Microformer

Microformer is a minimal, educational-scale transformer language model built from scratch in PyTorch.
Inspired by nanoGPT and OpenAI’s GPT-1, Microformer is designed for learning, experimentation, and prototyping on lightweight datasets like text8 or Tiny Shakespeare.

Features

Decoder-only transformer (GPT-style) architecture
Stacked adapters per layer for dual-memory:
- Long-term adapters (for corpus/knowledge facts)
- Session adapters (for rapid, online, user/session-specific learning)
Choice of character-level or subword/BPE tokenization (configurable)
Learnable positional encoding
Multi-head self-attention
Configurable depth, embedding size, sequence length, and attention heads
Simple end-to-end pipeline: preprocessing, training, and text generation
Modular, readable code ideal for educational use and tinkering
Temperature and multinomial sampling in text generation

What’s Unique: Stacked Adapters for Dual-Memory Learning

Microformer implements two adapters in every transformer block:

Long-term adapter:
Trained with your full corpus during batch/corpus training.
Stores stable, general “knowledge” (e.g., literary style, factual info).
Session adapter:
Starts blank and is trained on the fly during chat or interactive teaching.
Lets you rapidly “teach” new facts, styles, or user preferences without overwriting core knowledge.

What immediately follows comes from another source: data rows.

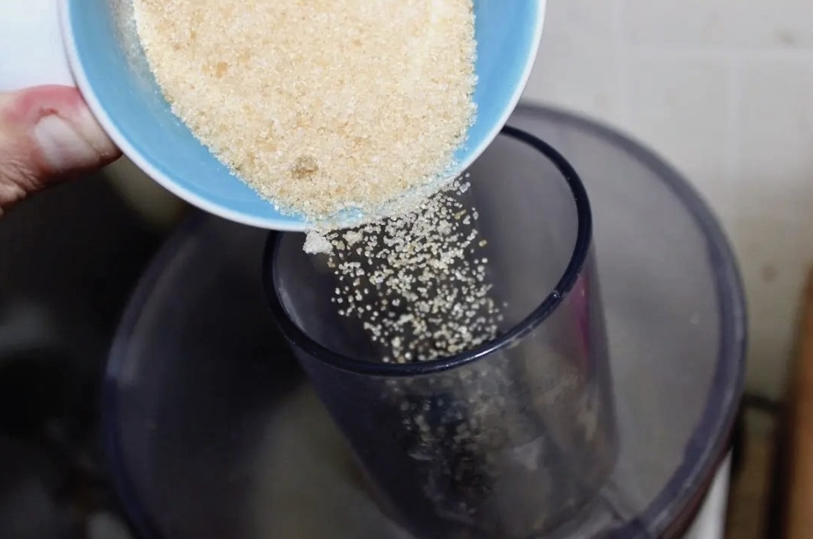 Dodatki słodzące i mąka: 150 g cukru trzcinowego, 300 g mąki pszennej.
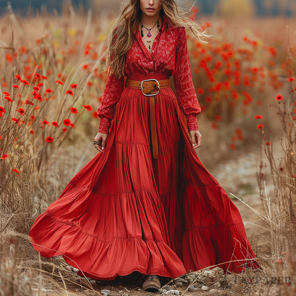 Women's Retro V-neck Floral Long-sleeve Bohemian Pastoral Style Maxi Long Dress
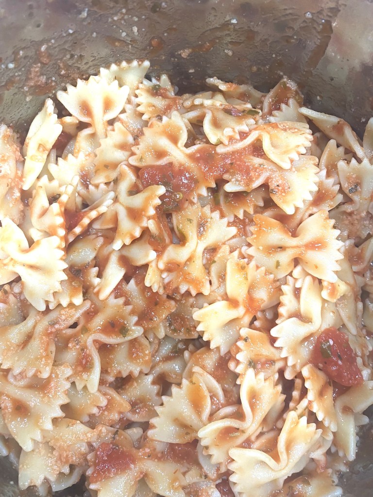 Take a deep pot, fill it up with clean water, then boil it, and put the pasta in it, and then cook it for 20 minutes until it’s soft to the touch. Then make pasta sauce. Take a pan then add crushed Tomatoes and a tablespoon of Italian spice1teaspoon of salt and pepper then cover the pan and cook it on low heat for 10 minutes. off the heat. it’s ready to serve on pasta.

At inference, the outputs of both adapters (plus the core transformer) are combined—giving the model both stable and flexible, session-specific memory, just like a human brain’s “temporal lobe” and “core memory”.

Project Structure

microformer/
├── config.py              # Hyperparameters and model settings
├── data/
│   ├── corpus.txt         # Raw training text
│   ├── train.pt           # Preprocessed training tensor (token IDs)
│   ├── val.pt             # Validation tensor (token IDs)
│   ├── vocab.json         # Vocabulary (char or subword, stoi/itos mapping)
│   └── tokenizer.json     # (optional) BPE tokenizer file if using subwords
├── models/
│   └── model.py           # Transformer model definition (Microformer)
├── scripts/
│   ├── prepare_data.py    # Data preprocessing/tokenization
│   ├── train.py           # Training script (trains long-term adapters)
│   ├── generate_text.py   # Inference/generation + online learning (session adapters)
│   └── tokenizer_setup.py # BPE Tokenizer
└── README.md

Quickstart

Prepare your corpus and run the tokenizer

Place your text data in data/corpus.txt.
Choose your tokenizer:

Character-level (default):
No extra steps needed.

BPE/Subword (recommended for rich/modern text):

python scripts/tokenizer_setup.py --input data/corpus.txt --vocab_size 1000

Prepare the dataset
```
python scripts/prepare_data.py
```
Train the model (long-term knowledge)
```
python scripts/train.py
```
- This trains only the long-term adapters and core weights.
- Session adapters remain untrained (blank) until chat time.
Generate text and teach interactively (session memory)
```
python scripts/generate_text.py
```
- Loads your trained model.
- Prompts for a seed string and temperature.
- Allows you to “teach” new facts on the fly!
- New knowledge is stored in session adapters—does not overwrite long-term knowledge.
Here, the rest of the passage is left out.